# Description of the task:
Without any of the pictures, set down the data below exactly.
- - - -
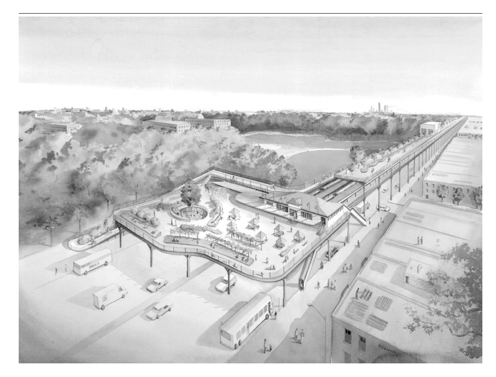
Green Elevated Train Proposal

KRVC is pleased to be working with John's Botany Bay this spring to beautify the South Riverdale commercial corridors with tree pit plantings. We are also excited about our new Broadway in the Bronx beautification proposals, which include a Green Elevated Train proposal, an Albany Crescent Plaza proposal and so much more. krvcdc.org/broadway
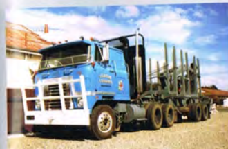
Fearon Logging, for a time, operated this Detroit powered Transtar II. It was previously operated by...
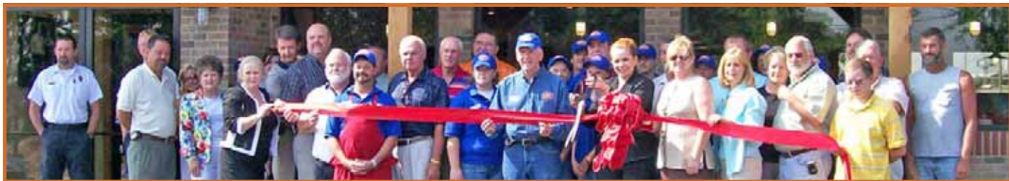
DICKEY'S BARBECUE PIT

Various prizes were given away throughout the evening. Guest enjoyed an array of d'oeuvres and beverages while becoming better acquainted with other members of the Chamber. Frontier Communications will donate all proceeds from the Women's Open Championship to the Cumberland County Rescue Squad. A special thanks to everyone who donated the prizes as well as Frontier for their sponsorship of the event. And as always, a special thank you to Budweiser for their assistance.
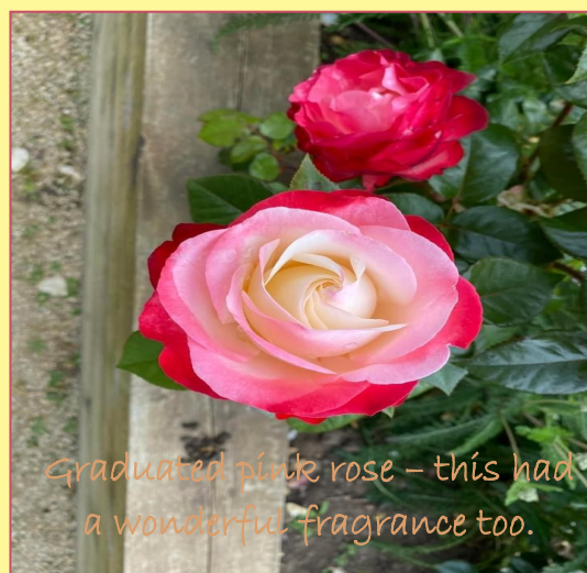
Graduated pink rose – this had a wonderful fragrance too.

By the end of the tour, each visitor was clutching a small bouquet of cuttings and blooms to take home. The photographs here show only a small variety of the beautiful plants that were on show at the end of June.
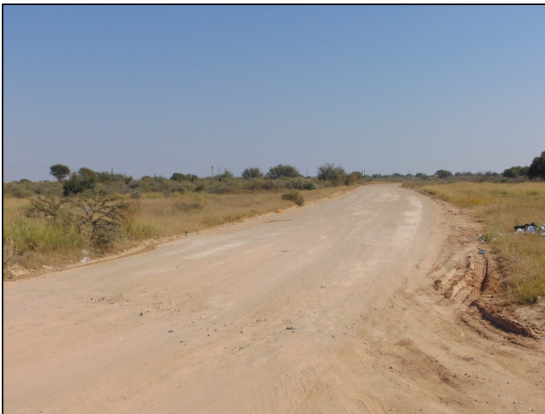
Photograph 1.4.7. Overview of the double lane gravel road towards the proposed Meerkat SPP taken from the N14.
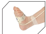
Neonate Flex System (< 2 kg / < 4 lbs)
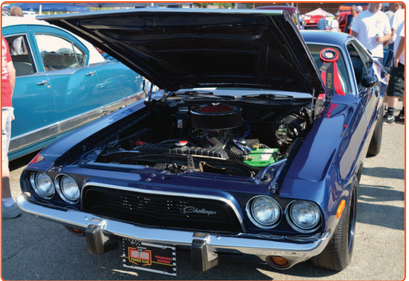
Unlike the '70 Challenger, this early E-Body was highly modified and looked like it was ready to race. Deep blue paint and rolling stock that consisted of matching painted wheels and the largest tires that would fit under the fenders, this one was all business. A 440 built to the max backed up the tough look, and dared anyone to challenge it, no pun intended.
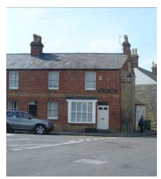
The Old Post Office at No. 94 Old High Street

box to the sidewall, despite its conversion to residential use. This was Headington's first post-office and continued in use as a grocer's shop first under the name of Rudd's and subsequently under several owners. It remained as a shop until the 1970s. Just a few doors to the south, the small Whitewashed cottage at No. 86 Old High Street was a butcher's shop owned by another member of the Berry family. It has been restored as a dwelling in recent years with the loss of the shop window.
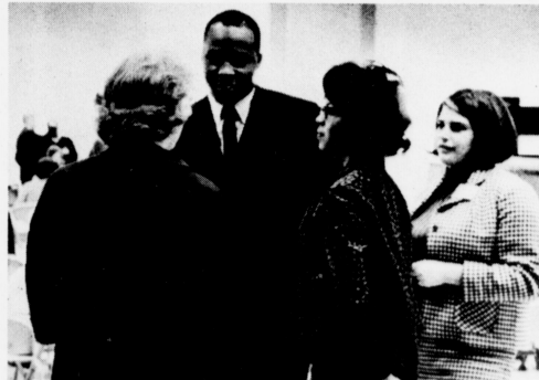
VERNON JORDAN OF ATLANTA AT HUMAN RIGHTS CONFERENCE
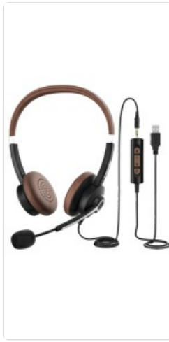
Image: An illustration of the headset, charging cable, and packaging, representing the typical package contents.
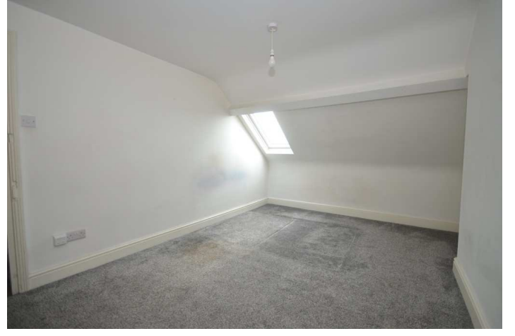
9' 4" x 15' 4" (2.84m x 4.67m) Electric radiator
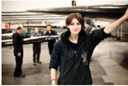
Centennial College boasts training in courses such as aviation (above) and provides its students with comfortable and conducive surroundings for learning.

With the international business landscape growing increasingly diverse and challenging, the college believes it is vital for its graduates to learn how to adapt quickly in
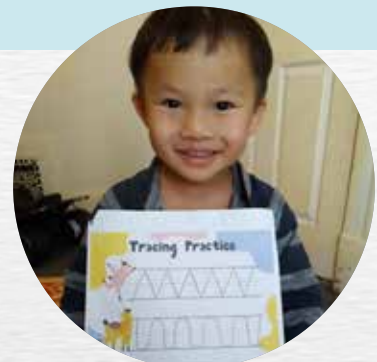
Jackson shows off a tracing worksheet he completed as part of a lesson on developing fine motor skills.
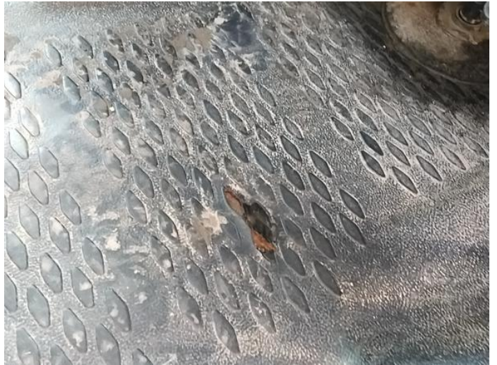
10: Carpets Front Holed Over 3mm
- - - -
# Response to this exercise:
Green Elevated Train Proposal

KRVC is pleased to be working with John's Botany Bay this spring to beautify the South Riverdale commercial corridors with tree pit plantings. We are also excited about our new Broadway in the Bronx beautification proposals, which include a Green Elevated Train proposal, an Albany Crescent Plaza proposal and so much more. krvcdc.org/broadway
Fearon Logging, for a time, operated this Detroit powered Transtar II. It was previously operated by...
DICKEY'S BARBECUE PIT

Various prizes were given away throughout the evening. Guest enjoyed an array of d'oeuvres and beverages while becoming better acquainted with other members of the Chamber. Frontier Communications will donate all proceeds from the Women's Open Championship to the Cumberland County Rescue Squad. A special thanks to everyone who donated the prizes as well as Frontier for their sponsorship of the event. And as always, a special thank you to Budweiser for their assistance.
Graduated pink rose – this had a wonderful fragrance too.

By the end of the tour, each visitor was clutching a small bouquet of cuttings and blooms to take home. The photographs here show only a small variety of the beautiful plants that were on show at the end of June.
Photograph 1.4.7. Overview of the double lane gravel road towards the proposed Meerkat SPP taken from the N14.
Neonate Flex System (< 2 kg / < 4 lbs)
Unlike the '70 Challenger, this early E-Body was highly modified and looked like it was ready to race. Deep blue paint and rolling stock that consisted of matching painted wheels and the largest tires that would fit under the fenders, this one was all business. A 440 built to the max backed up the tough look, and dared anyone to challenge it, no pun intended.
The Old Post Office at No. 94 Old High Street

box to the sidewall, despite its conversion to residential use. This was Headington's first post-office and continued in use as a grocer's shop first under the name of Rudd's and subsequently under several owners. It remained as a shop until the 1970s. Just a few doors to the south, the small Whitewashed cottage at No. 86 Old High Street was a butcher's shop owned by another member of the Berry family. It has been restored as a dwelling in recent years with the loss of the shop window.
VERNON JORDAN OF ATLANTA AT HUMAN RIGHTS CONFERENCE
Image: An illustration of the headset, charging cable, and packaging, representing the typical package contents.
9' 4" x 15' 4" (2.84m x 4.67m) Electric radiator
Centennial College boasts training in courses such as aviation (above) and provides its students with comfortable and conducive surroundings for learning.

With the international business landscape growing increasingly diverse and challenging, the college believes it is vital for its graduates to learn how to adapt quickly in
Jackson shows off a tracing worksheet he completed as part of a lesson on developing fine motor skills.
10: Carpets Front Holed Over 3mm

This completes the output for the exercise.